Verboten is the word. There is something of the harsh Germanic disciplinarian in the way both patients and whistle-blowing doctors are treated. The senior managers seem to be mired in an ethos of the worst institutions half a century ago, with no respect for truth or honour, despite numerous GMC releases about governance and honesty with patients. Or the ethics of Russia and China, where complaint is seen as outrageous and the complainant dealt with severely and silenced. Even as they embark on their nth pious and uselessaudit, they care more about numbers admitted and discharged, like farmers at a cattle market. Patients are just bodies to be passed through the conveyor belt.
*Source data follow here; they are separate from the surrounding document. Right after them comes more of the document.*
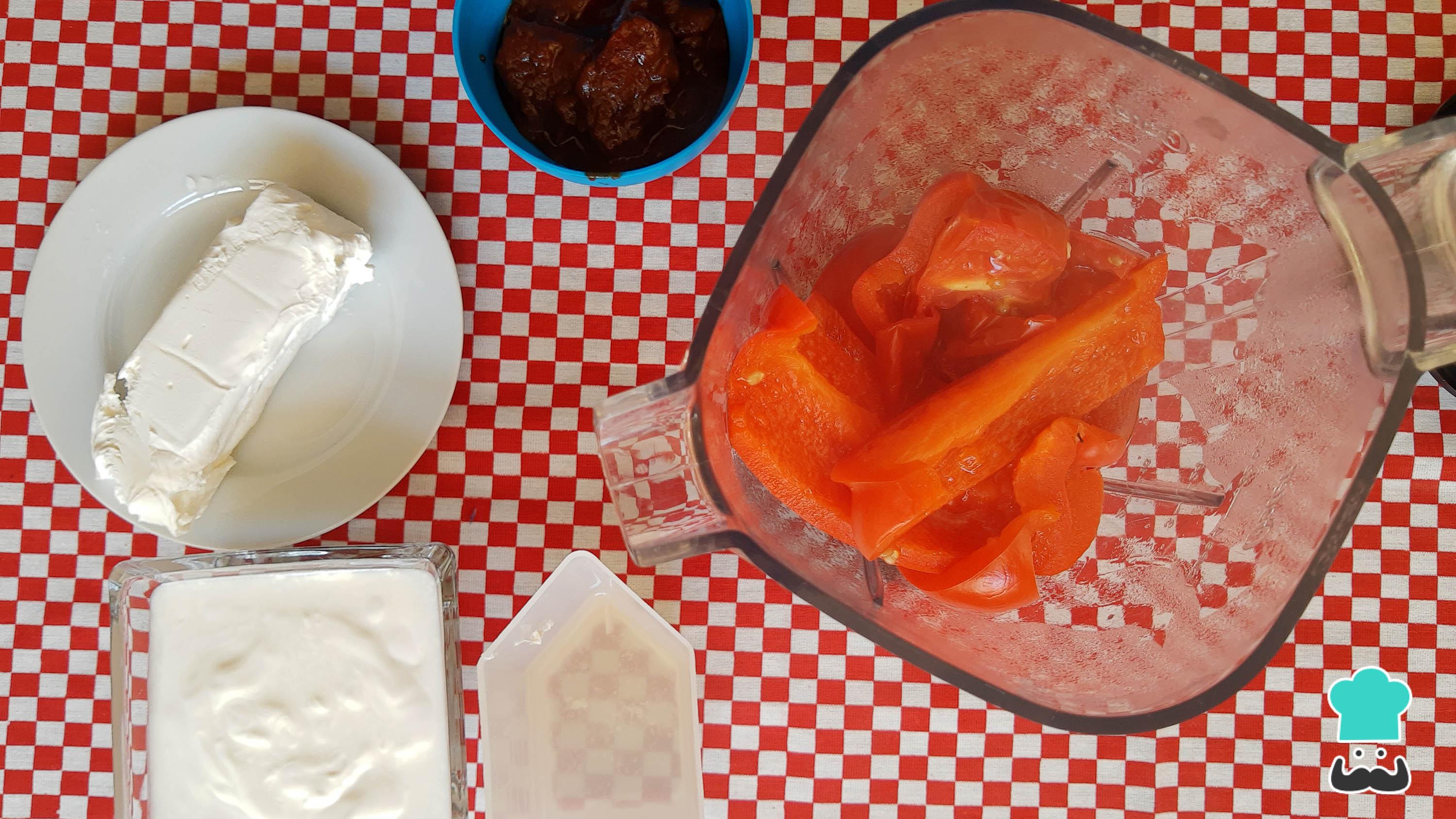 Cuando ya estén listos el chile morrón y el jitomate, agrégalos a la licuadora con la media barra de queso crema, la media crema, el caldo de pollo, un poco de sal y, de manera opcional, el chile chipotle. Licua muy bien y reserva.
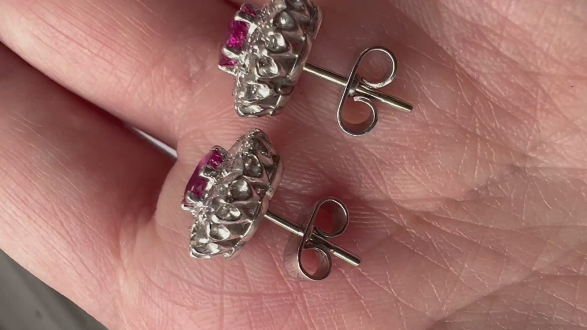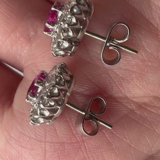 Late Art Deco 1950s Natural Ruby Diamond Daisy Cluster Stud Earrings, Boxed 18ct White Gold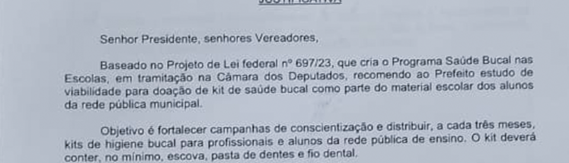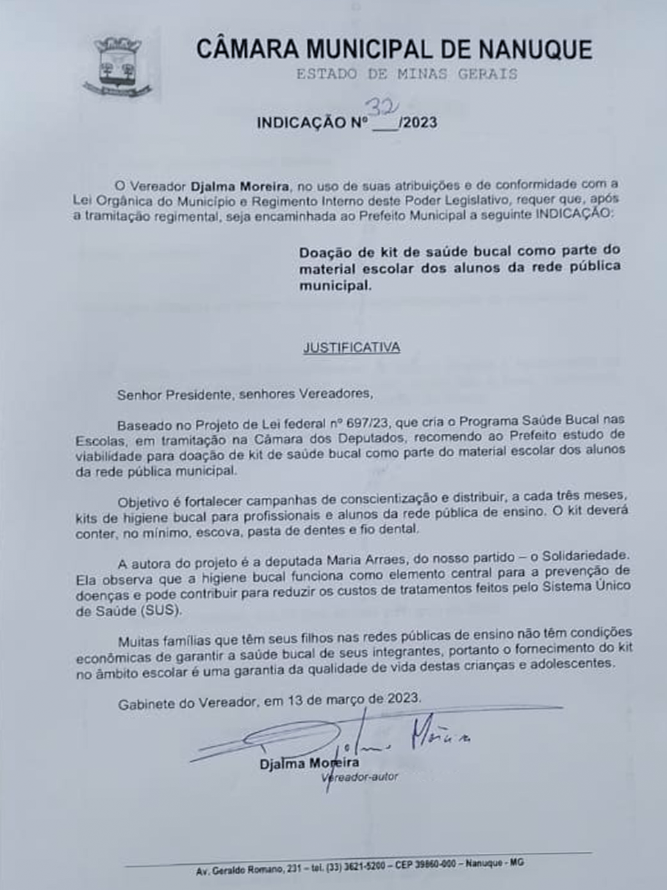 O Vereador Djalma Moreira apresentou diversas indicações a fim de que medidas sejam adotadas para melhorias do município de Nanuque em diversos aspectos incluindo na área da saúde, solicitando que seja feita doação de kit de saúde bucal como parte do material escolar dos alunos da rede pública municipal. Indicação baseada no projeto de lei federal nº 697/23, que cria o Programa Saúde Bucal nas Escolas, em tramitação na Câmara dos Deputados, o vereador recomenda ao Prefeito que estude a viabilidade para doação de kits de saúde bucal como parte do material escolar dos alunos da rede pública municipal, objetivando fortalecer campanhas de conscientização e distribuir, a cada três meses, kits de higiene bucal para profissionais e alunos da rede pública de ensino.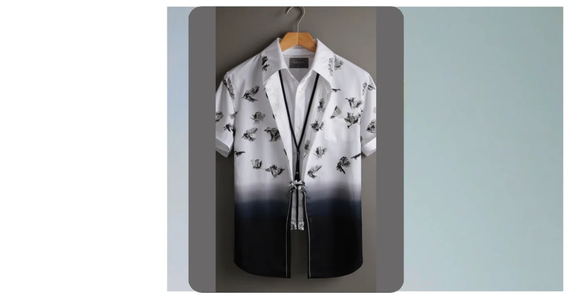 This shirt is like a magic trick! At the top, you’ve got these cool black and white flowers, almost like little doodles. Then, it fades into this awesome dark color at the bottom, like the sun setting on a perfect summer day. If you want a shirt that says “I’m chill, but I also put some thought into my outfit,” this could be your new go-to summer jam.
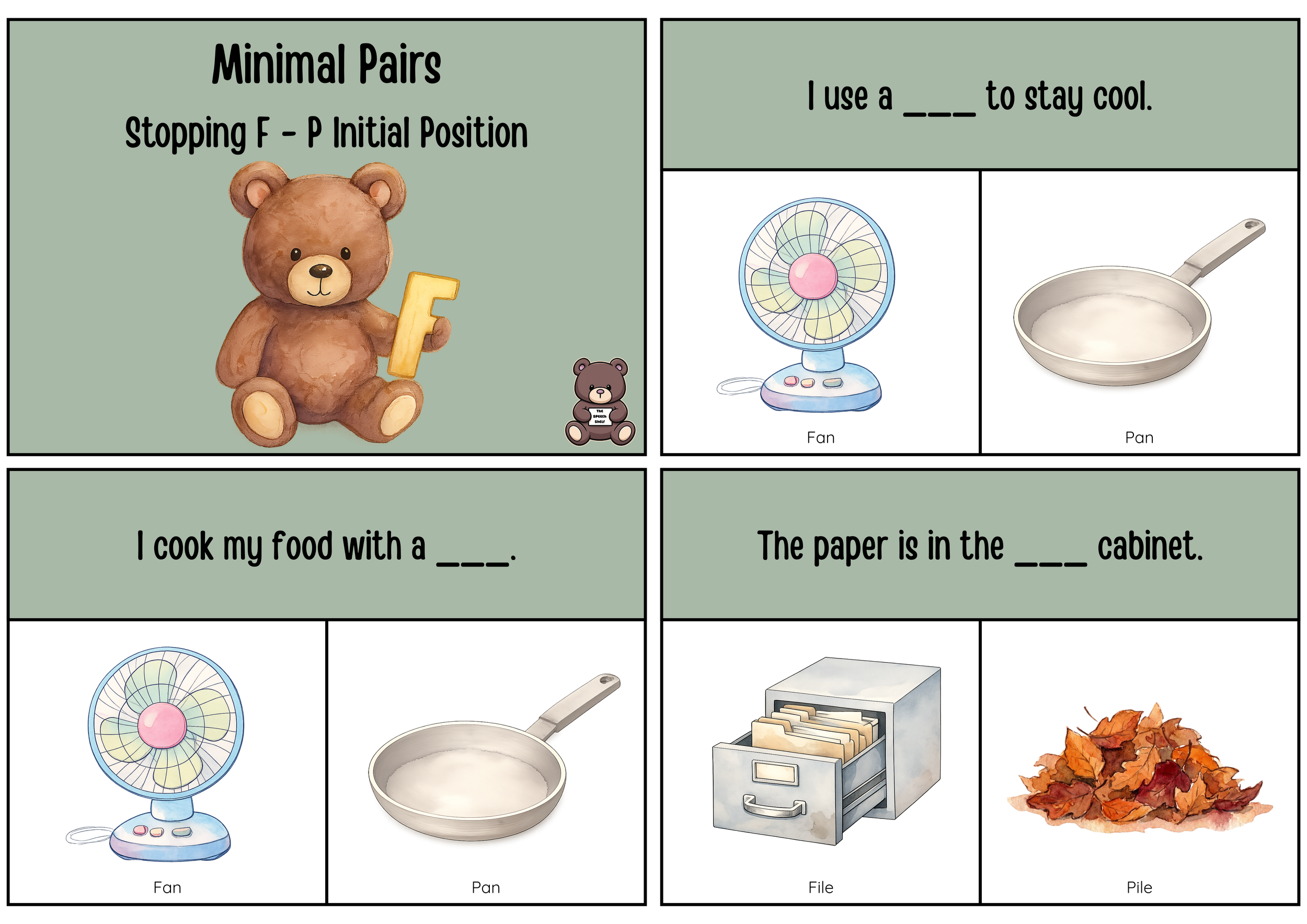 This interactive minimal pairs activity targets stopping of /f/ to /p/ in the initial word position, using high-quality watercolor illustrations to support speech perception and production. Students are presented with picture-supported phrases and must choose the correct minimal-pair target (e.g., fan–pan, file–pile, four–pour, fair–pear, feet–Pete, fin–pin, face–pace, full–pull).

Woe betide them if they question anything, even the most obvious mishap. Two years ago, I made the mistake of asking the Royal Free in London whether they would replace my suitcase, since it had become surrounded by filthy toilet water, which had erupted from the toilet in the ensuite of my four bedded ward. It took them a year to write back to me and inform me that the nurses had stated that the toilet water had not reached my bed space. Luckily, for me, I had photographs of my suitcase, surrounded by the dingy toilet water, and I sent one of these to them. There was initial silence, and then they wrote to ask me if I had any more photos of the ‘damage to my suitcase’. No, actually, because I thought a photo of my suitcase surrounded by shitty water from your toilet might be enough. Of course, I should have gone home and reused the faecal suitcase. Especially with my numerous ulcers and open wounds. I didn’t say any of this, but I felt like it,
Radio silence from them since
Human beings - and probably all mammals - require holistic care which includes treating physical disease and offering comfort, a quiet environment to rest (ho, ho), and decent nourishing food (ha), and dealing with them with respect. If a jumped-up clipboard warrior thinks they can cover up patient deaths and other serious problems by lying their two-faced, faux polite face off, they are mistaken. They may have got away with it in the past, but the future is another country. Their time will come.